O horror no consultório: médico é preso com câmera escondida em óculos durante exame ginecológico; veja vídeo

Brasil – Aquele que deveria ser o ambiente mais seguro, íntimo e protegido para uma mulher se transformou em um cenário de pesadelo e profunda violação. Em Salvador, uma paciente viveu momentos de puro terror psicológico ao descobrir, no meio de um exame ginecológico, que estava sendo filmada pelo próprio médico.
O caso choca pela audácia e pela perversidade: a mulher, com um misto de coragem e perspicácia, percebeu algo estranho na armação dos óculos que o ginecologista usava enquanto a examinava, notando que uma microcâmera estava estrategicamente escondida no acessório, apontada diretamente para o seu corpo.
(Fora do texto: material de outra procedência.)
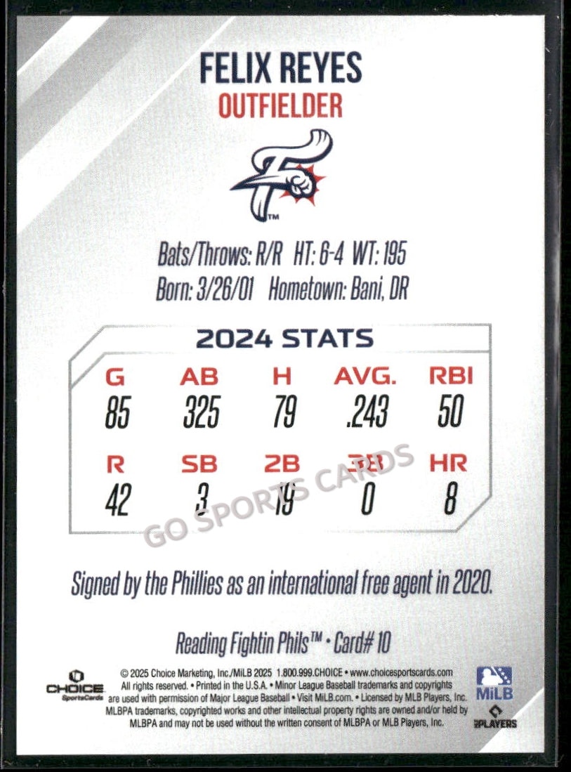 2025 Reading Fightin Phils 2nd Felix Reyes
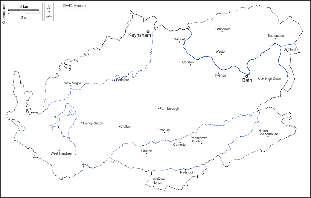 Bath, Batheaston, Bathford, Bishop Sutton, Camerton, Chew Magna, Claverton Down, Clutton, Corston, Farmborough, Hinton Charterhouse, Keynsham, Lansdown, Midsomer Norton, Paulton, Peasedown St John, Pensford, Radstock, Saltford, Timsbury, Twerton, West Harptree, Weston.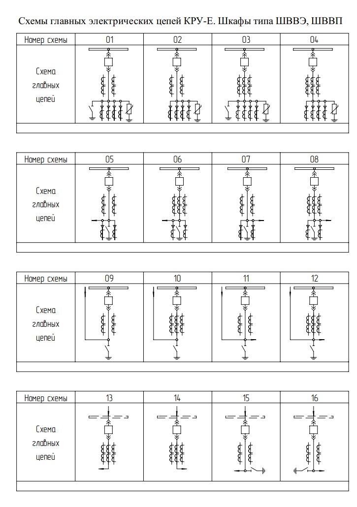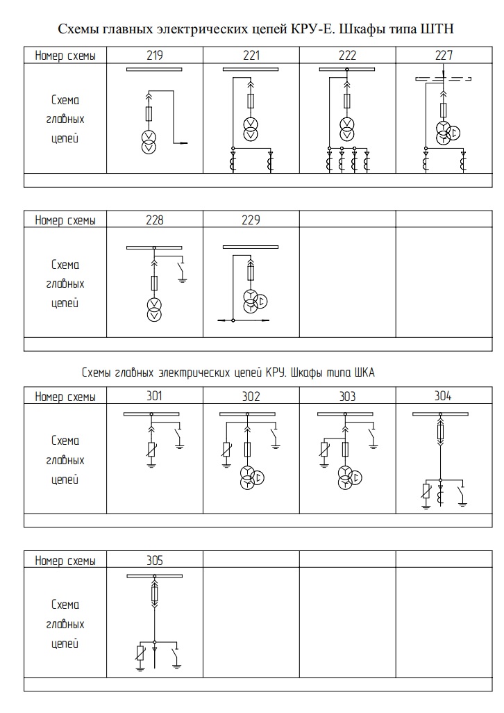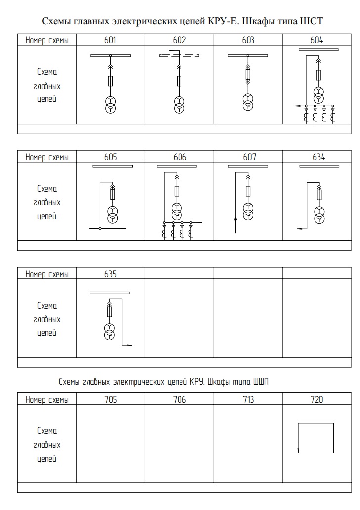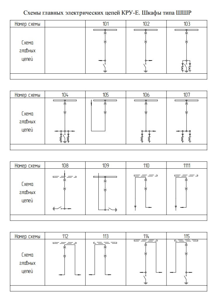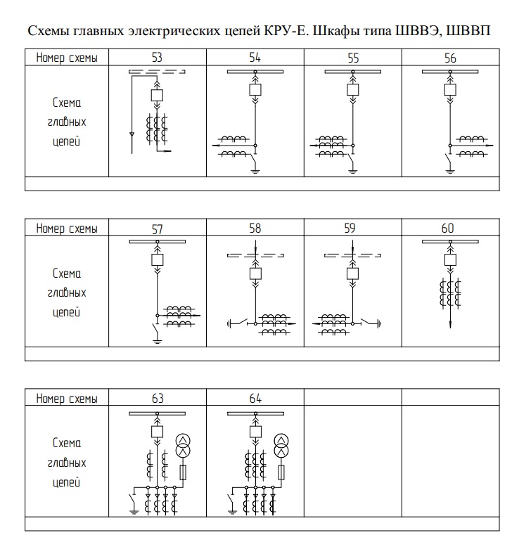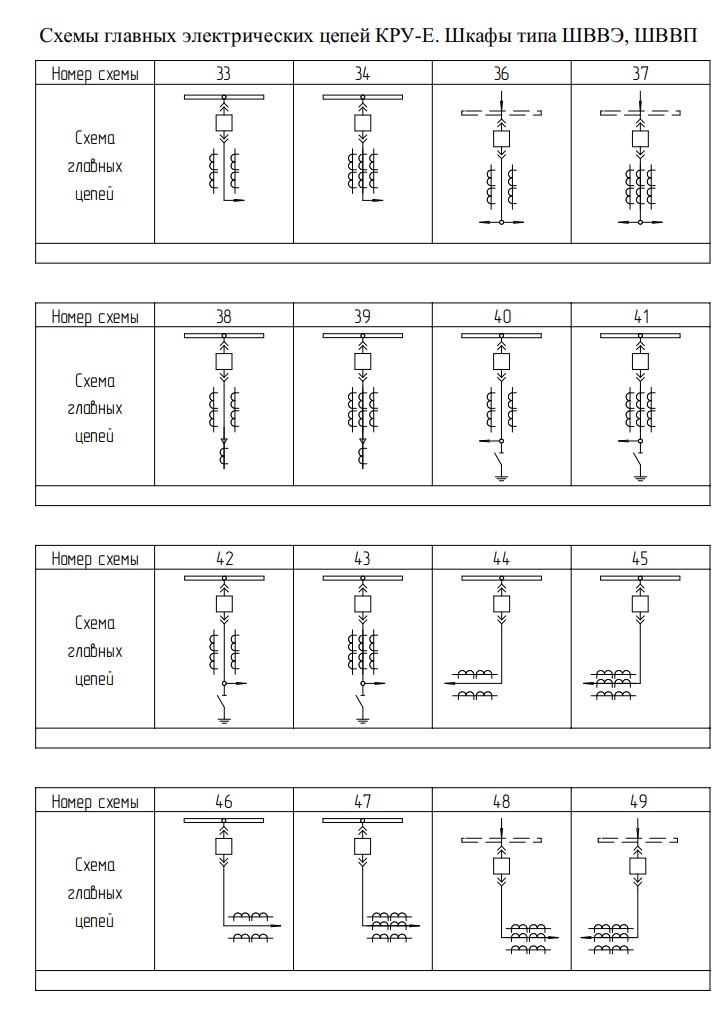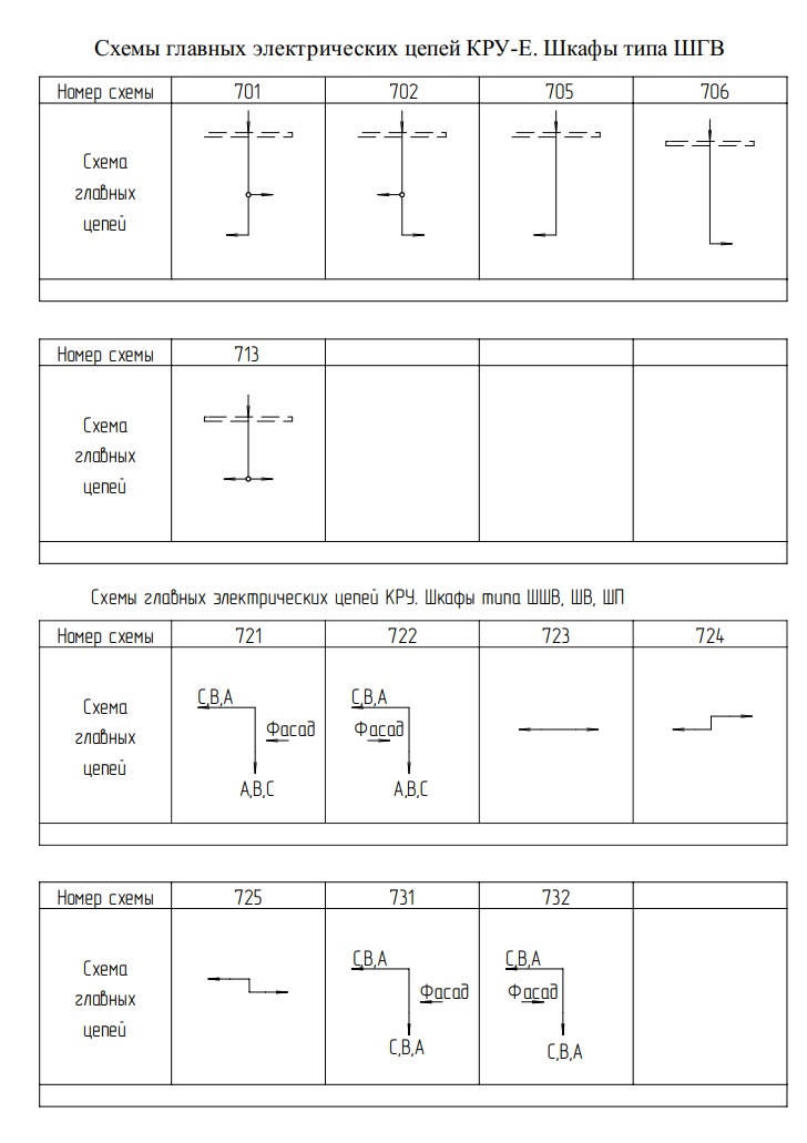 Буквенное обозначение шкафа КРУ Типоисполнениее шкафа КРУ2-10 № схем главных цепей

Sem hesitar, mesmo diante do choque de se ver violada daquela forma, ela conseguiu acionar a Polícia Militar ainda dentro do consultório.
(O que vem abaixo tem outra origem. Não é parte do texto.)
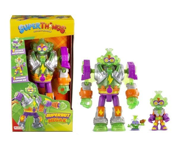 Superbot Mega-K je připraven vyzvat na souboj všechny hrdiny! Dokáže vystřelit energii Kazoom ze speciální zbraně a když se dostane do úzkých, roztáhne křídla a zmizí všem protivníkům z dohledu. Dokáže zvítězit v souboji se Superbotem Enigma? Je na vás tuhle bitvu vyhrát! Obsahuje: • 1 Superbot • 1 doplněk • 1 exkluzivní figurka Kazoom Kid • 1 figurka SuperThing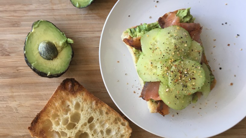 This avocado, cucumber, and smoked salmon tartine is probably one of my favorites and one of the easiest by far to make. Give it a try. 😉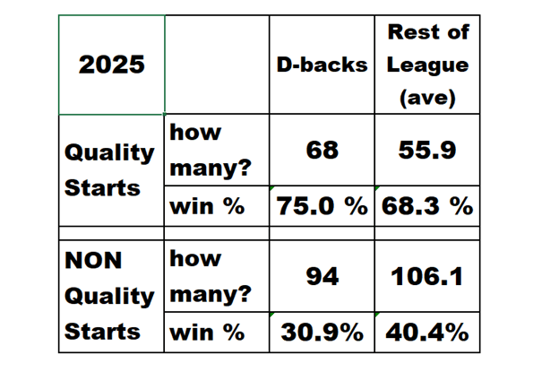 The Diamondbacks had more quality starts than league average.The Diamondbacks win percentage for quality starts was better than league average.The Diamondbacks win percentage for NON quality starts was worse than league average.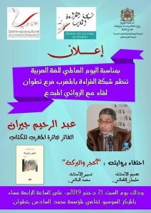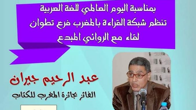 المجلة المغربية للدراسات الإنسانية نظمت شبكة القراءة بالمغرب فرع تطوان اخيرا أولى لقاءاتها الافتتاحية للموسم الدراسي 2019/2020 بمناسبة اليوم العالمي للغة العربية احتفاء بالروائي عبد الرحيم جيران الفائز بجائزة المغرب للكتاب عن روايته الحجر والبركة؛

Quando os agentes chegaram, os óculos espiões e o celular do médico foram apreendidos, e o que estava no aparelho transformou a suspeita em horror real, pois vídeos das partes íntimas da paciente já estavam armazenados.
Ao receber voz de prisão em flagrante, o ginecologista tentou emplacar uma justificativa inacreditável que beira o deboche, alegando que as imagens secretas faziam parte de uma “pesquisa”, uma desculpa que obviamente não colou. Agora, a Polícia Civil investiga o caso como um gravíssimo crime contra a dignidade sexual, e a pergunta que ecoa na mente dos investigadores e causa calafrios em dezenas de outras mulheres é se ela foi a primeira vítima.
A principal linha de apuração é descobrir há quanto tempo o médico usava esse método e quantas outras pacientes tiveram sua intimidade roubada e arquivada sem saber, motivo pelo qual os equipamentos passarão por uma varredura pericial minuciosa para rastrear a extensão desse rastro de abuso.
Ir ao ginecologista exige das mulheres uma entrega de confiança absoluta, e romper essa barreira usando a medicina como disfarce para o crime não é apenas uma infração da lei, mas um trauma profundo que provoca absoluta revolta e nos lembra da nossa vulnerabilidade nos locais onde deveríamos estar mais seguras.